The answer lay in the notes. From There Will Be Blood to Phantom Thread, the influence of Radiohead runs deep in Greenwood’s work, but it is the ghostly presence of classical composers that give it so much gravitas. There are clues to support this theory scattered throughout the band’s 30-year body of work, starting with the song that made them famous. According to musicologists, “Creep” was one of the first by the band to use pivot tones — i.e. when one note of a chord is held until a new chord is formed around it. Introducing minor chords soon after a major one creates the distinctive Radiohead sound.

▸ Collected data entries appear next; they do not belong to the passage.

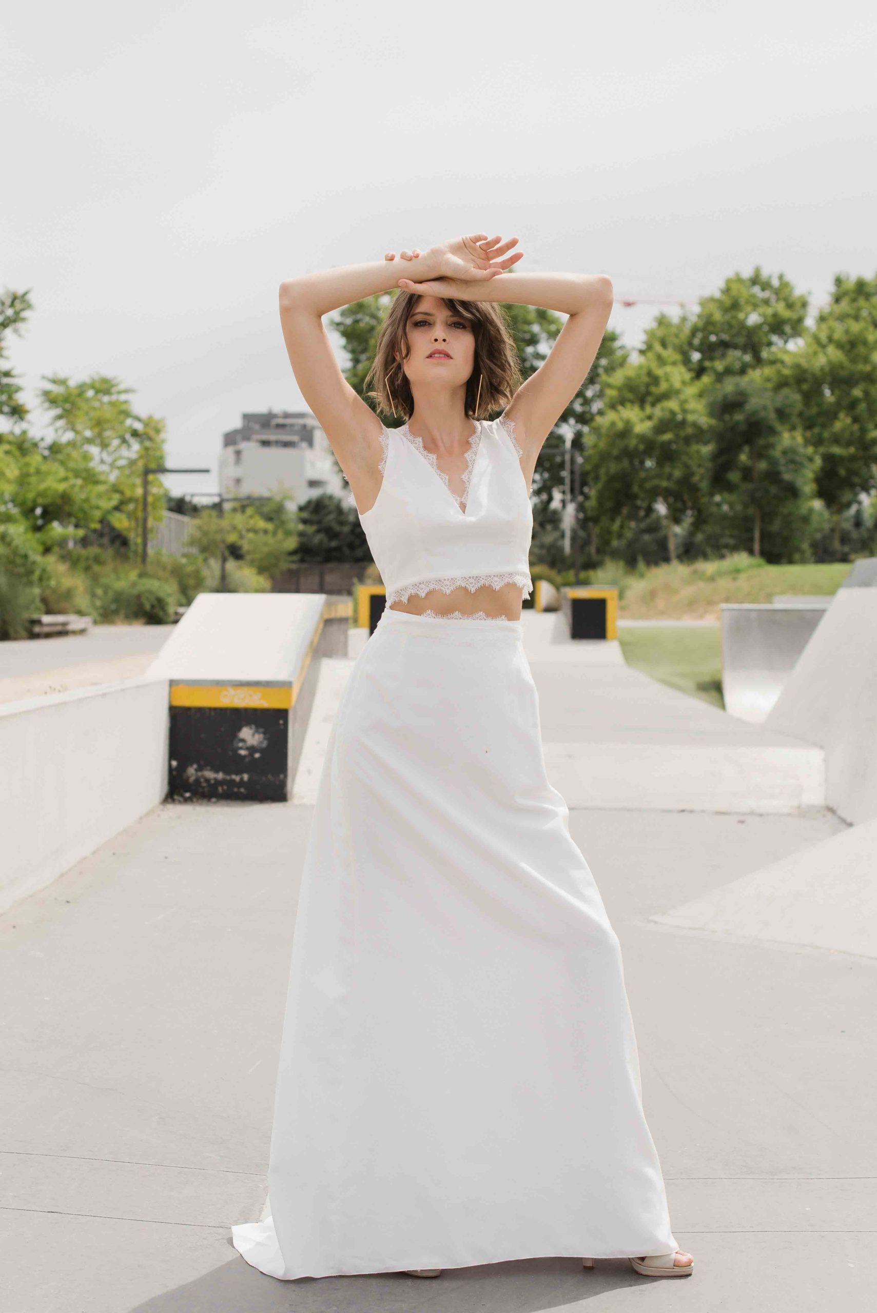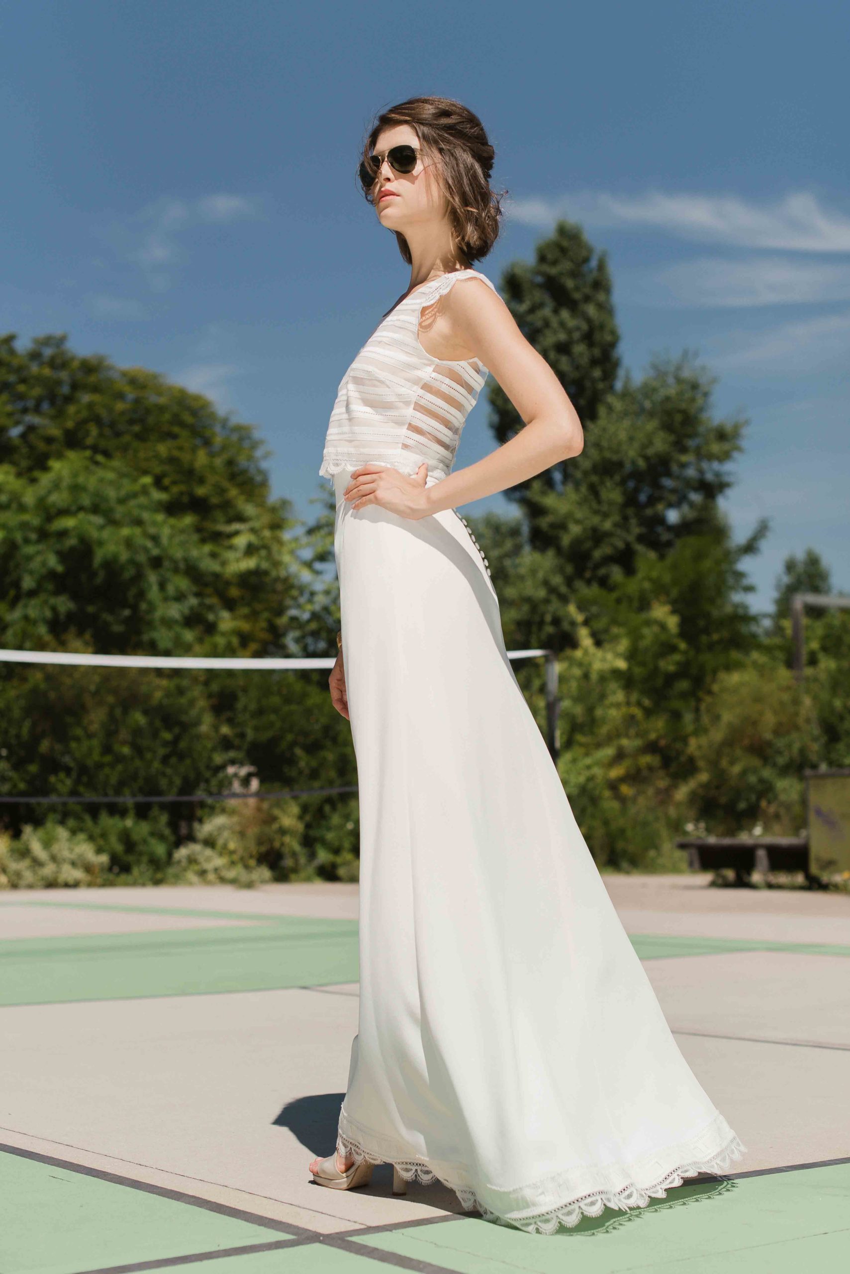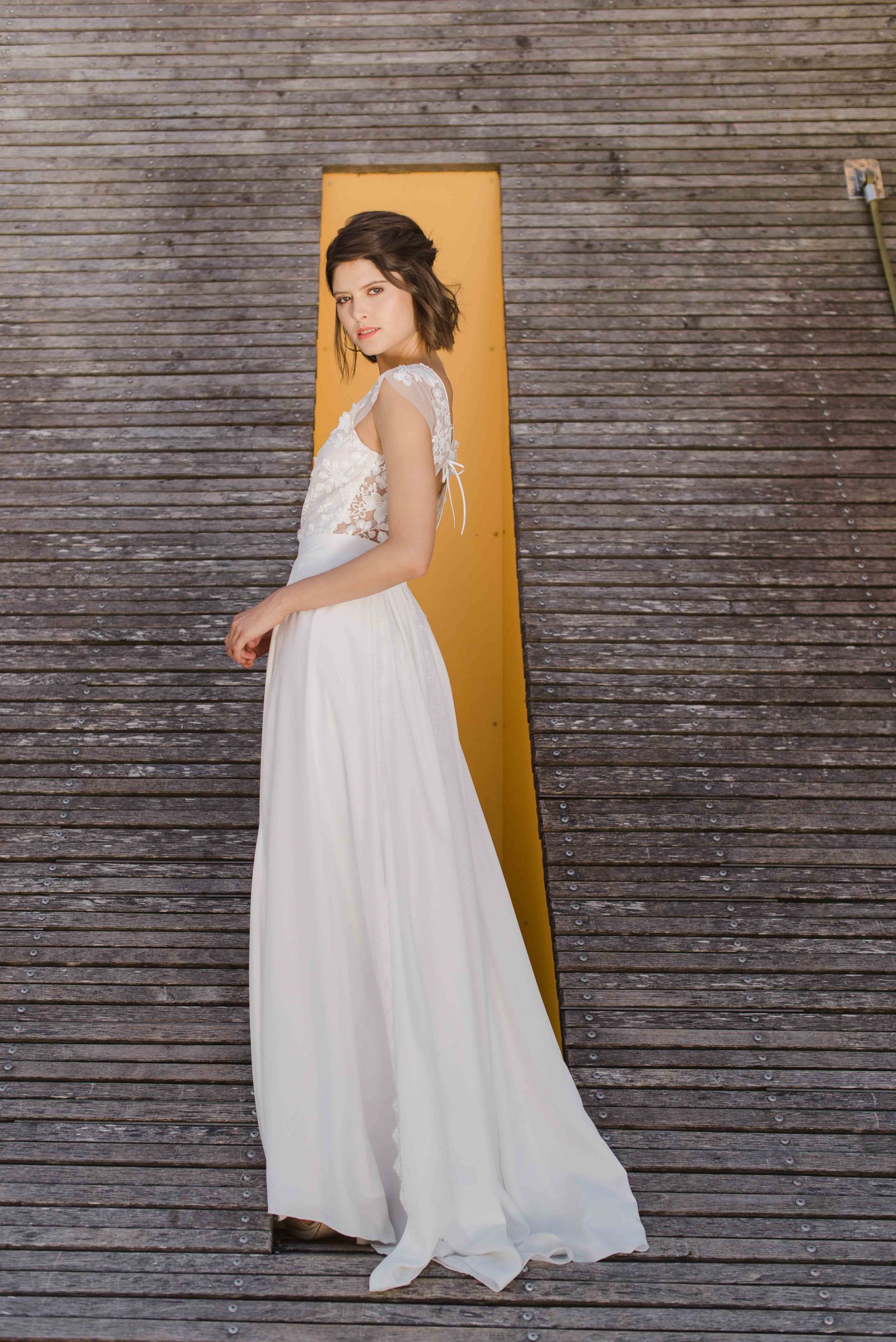 Dès son plus jeune âge, AuréliaHoang avait une attirance marquée pour l’art et plus particulièrement le dessin. Elle peignait fréquemment en prenant exemple sur sa maman artiste peintre et, rapidement, elle développa un certain sens du détail. Son amour pour les arts incita la créatrice à étudier la mode notamment à Lyon et à Milan. Ses études lui ont permis de travailler au sein de grandes maisons de couture tel que Kenzo, Isabel Marant ou encore Véronique Leroy. Puis, en 2010, AuréliaHoangeut l’envie de voler de ses propres ailes et créa sa propre maisonà Lyon en préservant l’idée de showroom. En effet, elle reçoit ses clientes chez elle, dans son espace personnel teinté d’inspiration artistique et culturelle. Chaque rencontre commence par un dialogue entre la créatrice et la future mariée. Cette dernière parlera de son mariage en décrivant les moindres détails afin que la créatrice puisse comprendre au mieux ses attentes et son univers. A partir de cela, AuréliaHoang proposera des modèles de robepour qu’elle débute les essayages.Afin que la future mariée soit comblée et qu’elle obtienne la robela tenue de ses rêves, les détails sont affinés. Ainsi, le modèle sera unique, sur-mesure et en corrélation avec la personnalité de la cliente.
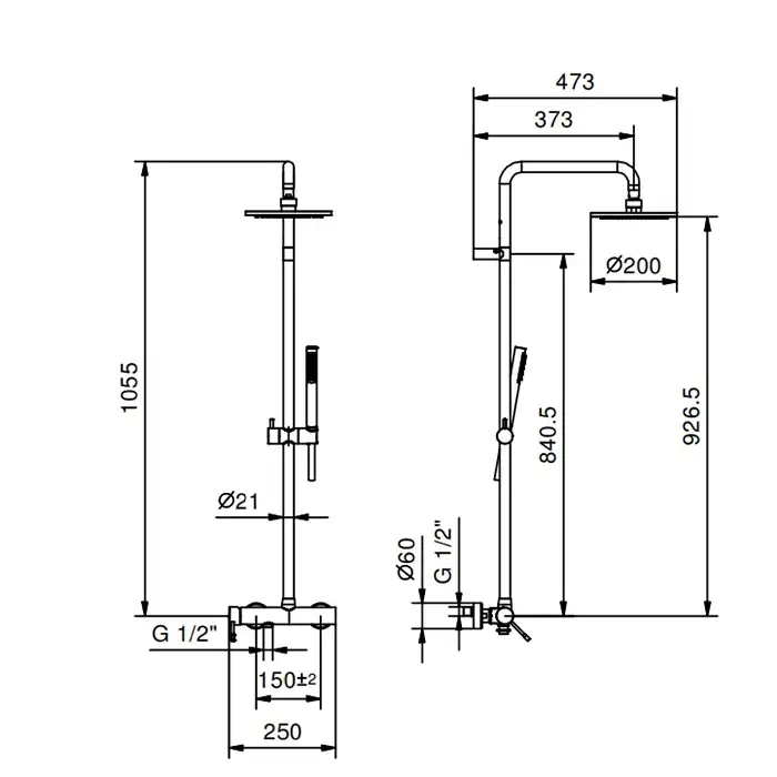 Fantini Nostromo Душевая стойка, с верхнем душем 20см., с ручным душем и смесителем, цвет: цвет: черный матовый
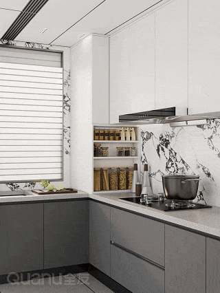 貼合煙道定制淺柜,調料干貨統統上墻,既能美化廚房空間,還能將瓶瓶罐罐集中收納,避免臺面雜亂,防止油污沾染。
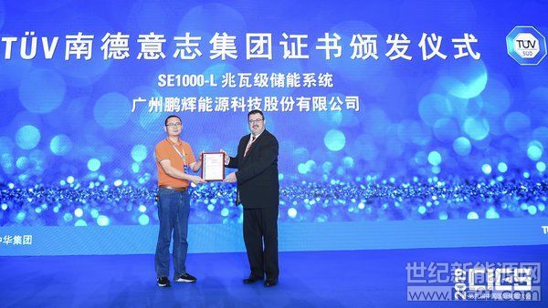 TUV南德全球风险顾问公司常务顾问兼美国储能系统技术委员会主席James Biggins先生(右)为鹏辉能源的产品SE1000-L兆瓦级储能系统颁发TUV南德认证证书
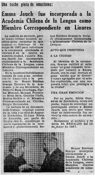Desde Linares Emma Jauch llega también a la Academia [artículo] Héctor González V.
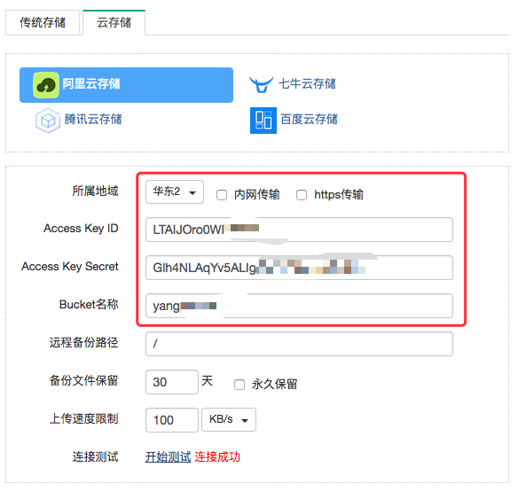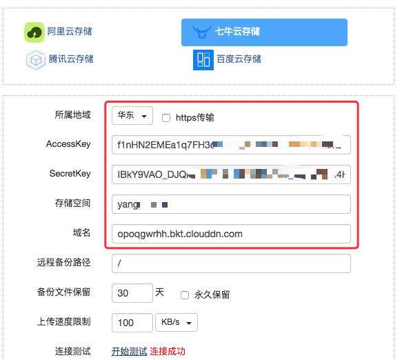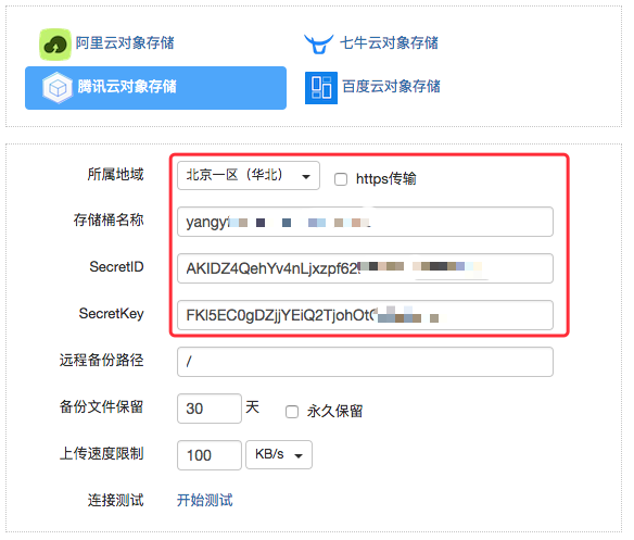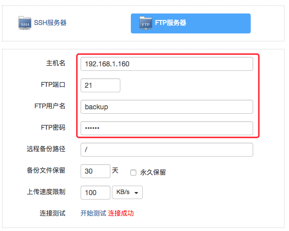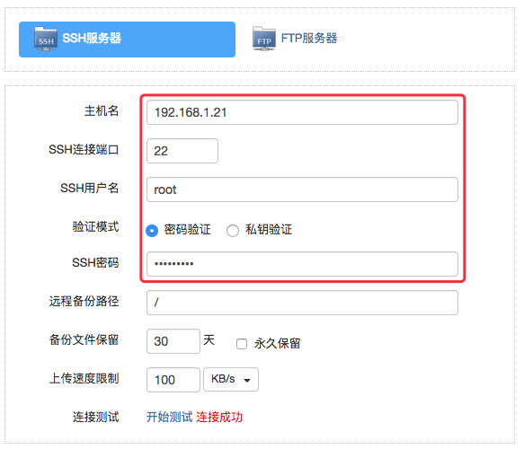 填入信息后,您可以点击“开始测试”检测连接是否成功

It’s also the kind of shift that occurs often in Greenwood’s solo work, from documentaries like Bodysong (2003) to scores for blockbuster films like There Will Be Blood (2007), The Master (2012) and his latest Academy Award-nominated Phantom Thread (2017).

Greenwood’s solo work for Bodysong

Greenwood stands on the shoulders of giants, which is why so many iconic Radiohead songs owe so much to 20th classical music; why “Pyramid Song” echoes Igor Stravinsky’s ballet, The Firebird; why Stravinsky also looms large in the percussive opening of “Burn The Witch”; why “Glass Eyes” could have been composed by Debussy a century ago, or why French composer Olivier Messiaen would fit in perfectly as a sixth member of the band given the long shadow cast by his music. Without Messiaen, Radiohead would also have no access to that otherworldly warbling of the electronic musical instrument known as an ondes Martenot.

Greenwood has been vocal about the debt he owes to the history of 20th century classical music and jazz. The textures and dissonance that have become hallmarks of the Radiohead sound — as much as Yorke’s seemingly disjointed lyrics — all stem from questions that have been asked by composers since the turn of the last century, when established societal structures were dismantled and war turned everything we thought we knew about humanity upside down. It’s the same sort of dread and dissatisfaction that propels so much of Radiohead’s narrative, enabling them to create mini dystopias we all somehow identify with. This may explain why albums like OK Computer and Kid A ended up being such huge sellers, as their beats and squawks resonated with millions who started to identify with the idea of ghosts in the machine.

The Oscar-nominated score for Phantom Thread

On the one hand, it’s impossible to separate Greenwood from Radiohead. It is now a beast powered by five composers, each holding up an integral component. On the other hand, it’s also possible to draw a line connecting albums like A Moon Shaped Pool to Greenwood’s older solo concert works like Doghouse For String Trio and Orchestra (2010), 48 Responses to Polymorphia for 48 Solo Strings (2011) and Water for Two Flutes, Upright Piano, Chamber Organ, Two Tanpura and String Orchestra (2014).

The key to appreciating Greenwood lies in listening to his teachers. It is then possible to see the role played by Bach in “House of Woodcock”, or recognize the presence of Polish composer Krzysztof Penderecki not just on solo tracks like “Wide Open Spaces” but on stadium anthems like “Climbing Up The Walls”. Greenwood is an accomplished composer, but it is music composed over hundreds of years that gives him the tools he uses today.